Этот страшно глупый и безграмотный подход говорит только о невежестве нашей критики или о том, что они Пильняка не читали. Пильняк изумительно талантливый писатель, быть может, немного лишенный дара фабульной фантазии, но зато владеющий самым тонким мастерством слова и походкой настроений» 6.

Так думает о Пильняке Сергей Есенин, особенно отмечая «мастерство слова». Достоинство тем более ценное, что признано придирчивым поэтом у прозаика.

Пильняк работал выделенным, акцентированным словом, привлекая внимание и к его звуковой стороне, и к его смыслу. Сразу после революции, разнообразно экспериментируя, Пильняк нередко подчеркивает эту словесную выделенность внешним приемом; то графически – шрифтом, то доходящим до навязчивости повтором. Критика пеняла ему за это, называла художником, «неумеренно затирающим один и тот же эпитет» 7. Впрочем, «затирает»он не только эпитеты. Он вообще склонен повторять и повторять слово, пока его вещественность не отступает и мы не начинаем понимать: нас приглашают расширить значение. До символа?

Что касается повторов, то стилистический поиск Пильняка – независимо и одновременно – совпадает с тем, что делают в эти годы разные писатели на многих языках. Особенно памятно – Хемингуэй, не будучи, однако, ни первым, ни единственным. Магический повтор слова увлекает многих.

Свой мир, одновременно замкнутый и моделирующий историю, который Пильняк расстраивает вокруг Коломны, вырастает в нечто подобное фолкнеровской Йокнапатофе. Пильняковские символы, сгущенные в притчу, уже сравнивают с Кафкой, а широкомасштабное использование документального монтажа не может не навести на аналогию с романами Дос Пассоса.
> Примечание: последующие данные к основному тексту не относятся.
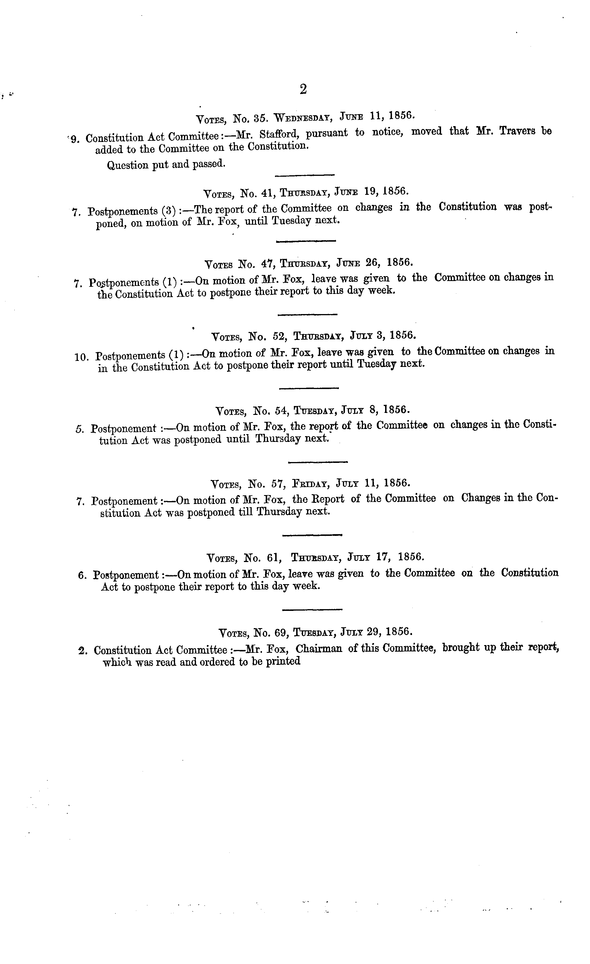Votes, No. 35. "Wednesday, Jtjne 11, 1856. 9. Constitution Act Committee :-Mr. Stafford, pursuant to notice, moved that Mr. Travers be added to the Committee on the Constitution. Question put and passed. Votes, No. 41, Thursday, June 19, 1856. 7. Postponements (3) The report of the Committee on changes in the Constitution was postponed, on motion of Mr. Fox j until Tuesday next. Votes No. 47, Thursday, June 26, 1856. 7 Postponements (1) On motion of Mr. Fox, leave was given to the Committee on changes in the Constitution Act to postpone their report to this day week. Votes, No. 52, Thursday, July 3, 1856. 10 Postponements (1)On motion of Mr. Fox, leave was given to the Committee on changes in in the Constitution Act to postpone their report until Tuesday next. Votes, No. 54, Tuesday, July 8, 1856. 5. Postponement On motion of Mr. Fox, the report of the Committee on changes in the Constitution Act was postponed until Thursday next. Votes, No. 57, Friday, July 11, 1856. 7. PostponementOn motion of Mr. Fox, the Report of the Committee on Changes in the Constitution Act was postponed till Thursday next. Votes, No. 61, Thursday, July 17, 1856. 6. Postponement: —On motion of Mr. Fox, leave was given to the Committee on the Constitution Act to postpone their report to this day week. Votes, No. 69, Tuesday, July 29, 1856. 2. Constitution Act Committee : —Mr. Fox, Chairman of this Committee, brought up their report, which was read and ordered to be printed

Это последнее имя подсказывает вот какое замечание, сделанное современником Пильняка по 20-м годам – Н. Асеевым, обиженно откликающимся на поспешное желание всюду видеть заимствование: «…хроникальные вставки в романы, хотя бы того же Дос Пассоса, были значительно раньше применены в «Семене Проскакове»как подлинный дневник шахтера-партизана. Я не хочу приписать себе приоритет такого использования материала, но, видно, в воздухе была эта необходимость обновления средств литературного воздействия…» 8

Пильняк по своей природе был переимчив: умел замечать и подхватывать новое. Но он умел и открывать. Рядом с теми, кто признан классиками литературы XX века, ему не может быть отведена роль лишь способного ученика. Сравнивая даты, мы видим: он работал одновременно с ними, а иногда и опережая. Отсюда и интерес к его произведениям, переводившимся уже с середины 20-х годов на многие языки.

А потом Пильняк был нами же изъят из литературы, не в одиночку, не сам по себе, но вместе с огромным пластом, который мы только сейчас силимся поднять из небытия. Вспоминаем, оцениваем забытых, рядом с ними переоцениваем известных. Пытаемся наверстывать не только в знании, но и в развитии, торопясь в сегодняшней литературе пройти некогда запретными путями. Они, понятно, манят, но на них-то нередко начинают изобретать велосипед, к тому же – не лучшей конструкции.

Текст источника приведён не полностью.